Besides, the truth or veracity of petitioner's claim as to the alleged existence of other properties of
the deceased aside from the lot in question can be more adequately ascertained in administration
proceedings rather than in any other action.

Understandably the allowance of the hearing of the "cadastral" motion, supposedly brought under
the authority of section 112 of Act 496, cannot be sustained. While this section authorizes, among
others, a person in interest to ask the court for any erasure, alteration, or amendment of a certificate
of title "upon the ground that registered interests of any description, whether vested, contingent,
expectant, or inchoate have terminated and ceased," and apparently the November 12 petition
comes within its scope, such relief can only be granted if there is unanimity among the parties, or
there is no adverse claim or serious objection on the part of any party in interest; otherwise the case
becomes controversial and should be threshed out in an ordinary case or in the case where the
incident properly belongs (see Puguid v. Reyes, L-21311, August 10, 1967 and the cases cited
therein). In the instant case the obvious lack of unanimity among the parties in interest, manifestly
demonstrated by petitioners' express objection to the cancellation of TCT No. RT-244, sufficiently
removes the November 12 petition from the scope of section 112 of Act 496. Besides, the
proceedings provided in the Land Registration Act are summary in nature and hence inadequate for
the litigation of issues which properly pertain to the case where the incident belongs.
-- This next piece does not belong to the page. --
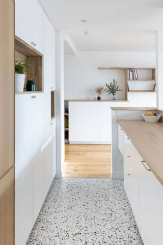Très tendance, le terrazzo se mêle au parquet pour créer une décoration moderne. Pensez à adopter ces deux revêtements pour un intérieur lumineux.
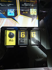 左側に操作レバー。右側にボムを置くボタン・スキルボタン2つ、合計3つのボタンが付いています。ボタンの形はですが、JAEPOバージョンでは正方形のボタンでしたが、4月のロケテストでは長方形のボタンになっていました。

IN VIEW OF THE FOREGOING, judgment is hereby rendered setting aside the appealed orders and
directing respondent Judge or whoever is presiding the court below to reinstate Special Proceedings
No. 632; the writ of preliminary injunction previously issued enjoining respondent Judge from
proceeding with the hearing of the "cadastral" motion dated November 12, 1962 is hereby made
permanent. Costs against respondents, except respondent Judge.